Problem:
Extract the whole listing as it stands. Do not include the pictures.

Source material:
BEGIN
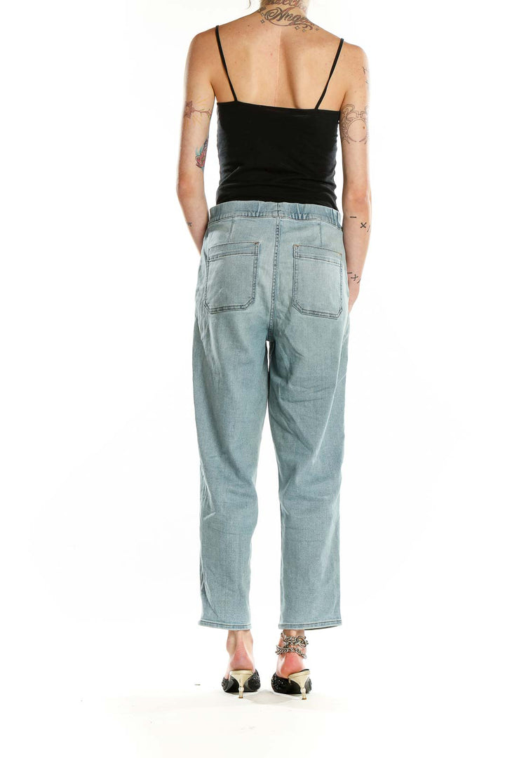 Step into casual comfort with these light blue relaxed fit denim jeans from Madewell. Crafted from a soft blend of cotton, elastane, and polyester, these jeans offer both durability and flexibility for all-day wear. The relaxed silhouette provides a laid-back look while maintaining a flattering fit. Large front patch pockets add a utilitarian touch, perfect for carrying small essentials. The light wash gives these jeans a versatile, easygoing vibe that pairs well with any casual ensemble. With a mid-rise waist and ankle-length cut, these jeans are ideal for showcasing your favorite footwear. In good condition, these Madewell jeans are a wardrobe staple that combines style and comfort effortlessly.
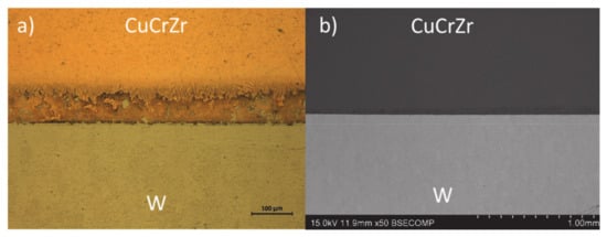 Figure 2a,b shows general micrographs of the W-CuCrZr joints obtained by optical microscopy and SEM. They confirmed that the first step of the joint development has been achieved. There is no sign of wetting or porosity defects in any of the interfaces reaching 100% of metallic contact.
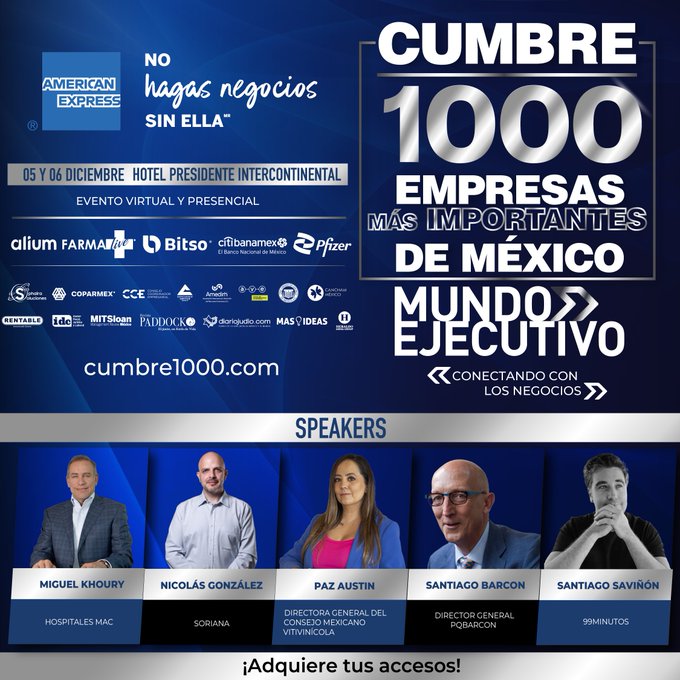 Es un honor participar en la Cumbre1000 donde destacan a las empresas más importantes en México, que se llevará a cabo el 05 y 06 de diciembre. ¡Te esperamos!
END
Task result:
 Step into casual comfort with these light blue relaxed fit denim jeans from Madewell. Crafted from a soft blend of cotton, elastane, and polyester, these jeans offer both durability and flexibility for all-day wear. The relaxed silhouette provides a laid-back look while maintaining a flattering fit. Large front patch pockets add a utilitarian touch, perfect for carrying small essentials. The light wash gives these jeans a versatile, easygoing vibe that pairs well with any casual ensemble. With a mid-rise waist and ankle-length cut, these jeans are ideal for showcasing your favorite footwear. In good condition, these Madewell jeans are a wardrobe staple that combines style and comfort effortlessly.
 Figure 2a,b shows general micrographs of the W-CuCrZr joints obtained by optical microscopy and SEM. They confirmed that the first step of the joint development has been achieved. There is no sign of wetting or porosity defects in any of the interfaces reaching 100% of metallic contact.
 Es un honor participar en la Cumbre1000 donde destacan a las empresas más importantes en México, que se llevará a cabo el 05 y 06 de diciembre. ¡Te esperamos!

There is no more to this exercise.